By B.C. Manion
An energy conservation company is proposing a five-year contract with Pasco County Schools that could reap millions in savings for the cash-strapped district.
Cenergistic has presented an 83-page proposal to the Pasco School Board, and Gary Clark, regional president for the company, appeared at a board workshop April 16 to cover the high points.
The company has been in business for 27 years and has saved its clients $3 billion. Its client list includes 20,000 school buildings, Clark said.
The potential for reducing costs is not as great in Pasco as it is in some places because the district already has instituted practices aimed at efficiencies, Clark said.
But there is room for savings, because the energy bill is a big-ticket item on the board’s budget, Clark said. He noted, “You’re spending about $13 million here.”

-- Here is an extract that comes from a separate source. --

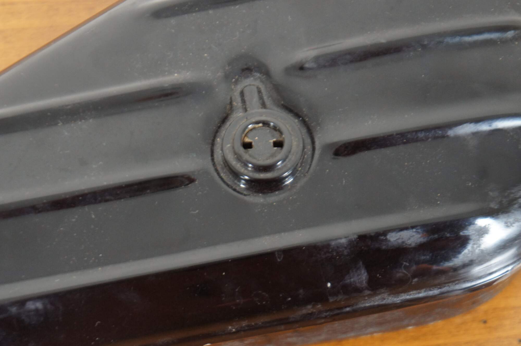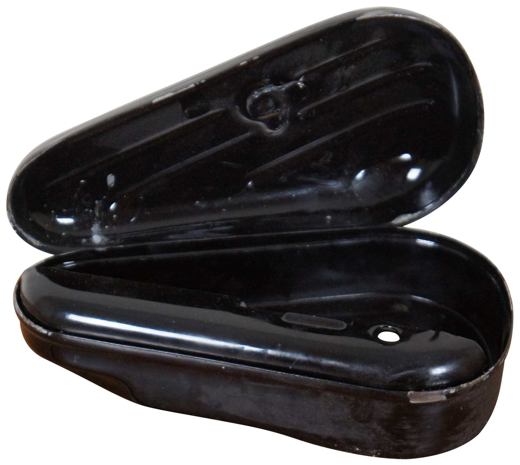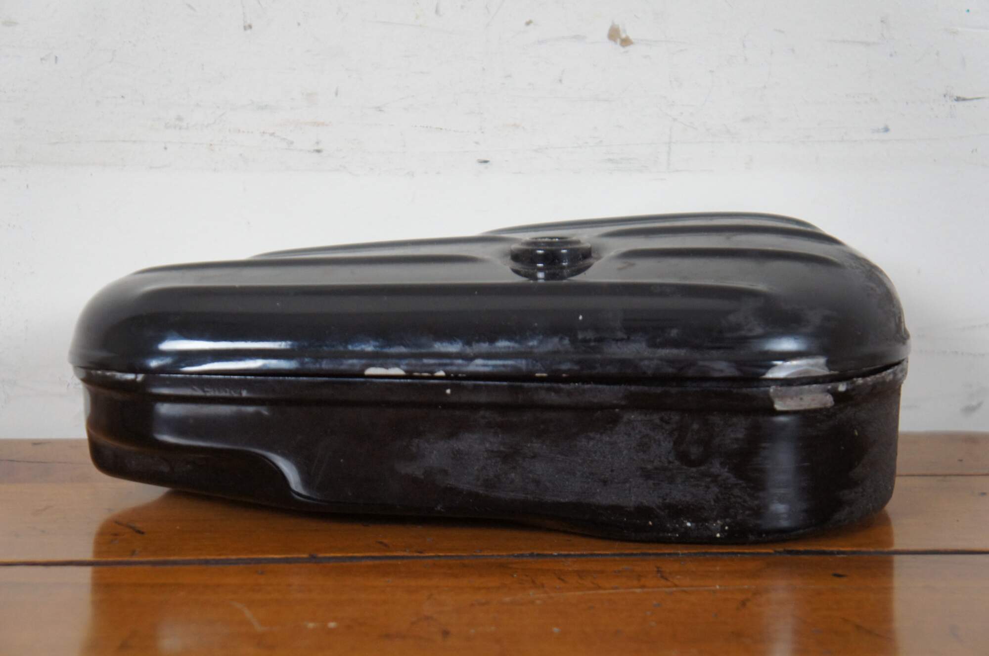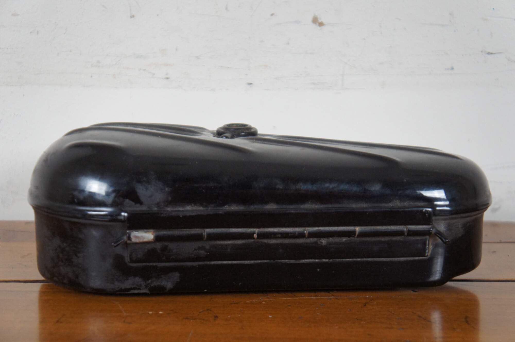 1950s Rare Vintage Harley-Davidson black ribbed kidney shaped OEM Hydraglide metal tool box for all Panhead motorcycles from 1940-1964. Originally purchased in the 1980s from the Pennsylvania warehouse where a cache of old Harley parts were discovered.

He told school board members his company would do for Pasco what it did for Sarasota: “we’d take a really good program and make it great.”
St. John’s County saved 45 percent of its energy costs, Clark said.
“We aren’t going to save Pasco County 45 percent,” he said.
But Cenergistic has estimated it can save the district more than 20 percent in its energy costs.
“We don’t sell any equipment. We change the habits and behaviors of staff,” Clark said.
The company doesn’t believe in making people uncomfortable to achieve its results, he added. Most savings come from making changes for how things operate when buildings are unoccupied.
The company’s plan calls for employing four energy specialists who would be expected to do audits of buildings in the early mornings, late at night, on weekends and holidays.
During the initial five years of the plan, the company pays the salaries of those specialists, who would be selected from current district staff.
The most important skill these specialists need is the ability to communicate, Clark said.
“We can take someone who is good with people and train them,” he said.
Teachers are generally a very good fit for the position: “Probably 80 percent of the specialists come out of the classroom.”
During the first five years, the district has the choice of keeping those employees on its payroll and being reimbursed for their costs, or having Cenergistic hire them.
After the fifth year, the district would pay the salaries if they choose to continue in the program, Clark said.
The district also must agree to purchase software called EnergyCAP Energy Management Software, which tracks energy use, meter by meter, building by building and campus by campus, Clark said.
Signing a contract with Cenergistic is, at worst, budget neutral, Clark said, because the company is paid a percentage of the district’s savings.
If the cost for operating the energy-savings program exceeds the district’s savings, the company will write the district a check to cover the difference, Clark said.
“We’ve only written eight checks in 27 years,” Clark said.
He also noted that it takes about six months to get the program up and running, so the company doesn’t charge anything for its services during that time.
At the end of the first 18 months, Clark said the company expects to save the district more than $2 million. During 10 years, the savings would be about $28.9 million.
Indirect benefits included increasing the comfort when buildings are occupied and extending the life of equipment by ensuring it is properly used, Clark said.
When the district starts paying for the program, it would cost about $278,000 a year, but at that point the estimated savings would be more than $3 million, Clark said.
Cenergistic was founded in 1986 as Energy Education Company and was rebranded in 2012 as Cenergistic. It has more than 1,250 clients across the nation, serving school districts, higher education campuses, health care facilities and large churches.
The company’s energy saving program has been implemented in more than 20,000 buildings.
School board member Steve Luikart said he’s glad superintendent Kurt Browning brought the company to the board for its consideration. He said he became aware of Cenergistic about a year-and-a-half ago, but former superintendent Heather Fiorentino was not interested in pursuing a possible contract.
Board chairwoman Cynthia Armstrong and board members Joanne Hurley and Alison Crumbley said they are interested in the potential savings, but want to be sure due diligence is done before signing a contract with any energy savings company.
At the board’s April 16 workshop, board member Allen Altman raised questions about getting tied into a contract. He noted he’s heard grumblings from members of other school board members at conferences about trying to figure out how to get out of a bad contract they were stuck in.
Clark assured Altman that boards tend to not want to cancel contracts with Cenergistic because it actually is saving money for their districts.
Altman said he just wants to make sure the district doesn’t get locked into a contract that it later regrets.